Lois Lee

Lots of news stories linked to this one: Does modern science rule out religious faith?

Lots of news stories linked to this one: Does modern science rule out religious faith?

THE QUESTION above, in the headline, and current developments depicted below, involve skeptics’ long-running assertion that modern science makes religion outmoded and it should be discarded as irrational.

Is faith still credible in our scientific age? How do devout scientists view this supposed “war” between science and religion?

THE RELIGION GUY’S ANSWER:

Gary Saul Morson, a Russia expert at Northwestern University, offers an important analysis of why the purportedly “scientific” — and horridly bloodthirsty — Soviet regime worked zealously to exterminate all religion (see the October issue of Commentary Magazine). But here The Guy will bypass political atheism’s track record.

Nor will this item survey the continual scientific and anecdotal evidence that religious involvement fosters physical and emotional well-being and positive life outcomes. Philosophy professor Stephen Asma, for one, hails these benefits even though he’s an agnostic bordering on atheism (see “Religion Q & A” for August 11).

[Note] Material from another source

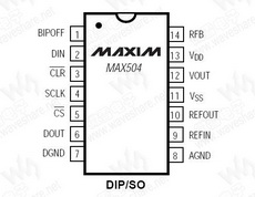MAX504 概述The MAX504 are low-power, voltage-output, 10-bit digital-to-analog converters (DACs) specified for single +5V power-supply operation. the MAX504 can also be operated with ±5V supplies. The MAX504 (with internal reference) draws only 260µA. The MAX504 comes in 14-pin DIP and SO packages. |
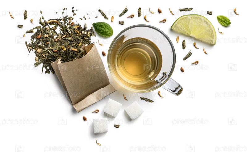 Зеленый чай с натуральными ароматическими добавками и чашка. Вид сверху на белом фоне

Instead, The Guy focuses first on new research by British scholars Michael Buhrmester at the University of Oxford, Jonathan Lanman at Queen’s University, Lois Lee at the University of Kent, Valerie van Mulukom at Coventry University, and Anna Strhan and Rachael Shillitoe at the University of York.

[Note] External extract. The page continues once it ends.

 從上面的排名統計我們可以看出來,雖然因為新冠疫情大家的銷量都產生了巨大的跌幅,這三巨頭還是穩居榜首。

Lee, who studies why youths become atheists, says non-believers usually think this results strictly from rational inquiry. But “science increasingly shows that atheists are no more rational than theists,” and thinking otherwise is unscientific — indeed “irrational”! She finds that people on both sides of the God divide are shaped similarly by environmental influences like group-think, charismatic individuals, and how their parents raised them.

Atheistic parents pass on their outlook like religious believers do, more through shared culture than rational arguments, she reports. Non-religious parents often say children should choose for themselves but inevitably convey attitudes about religion. Not surprisingly, 95 percent of children from atheistic homes “choose” atheism.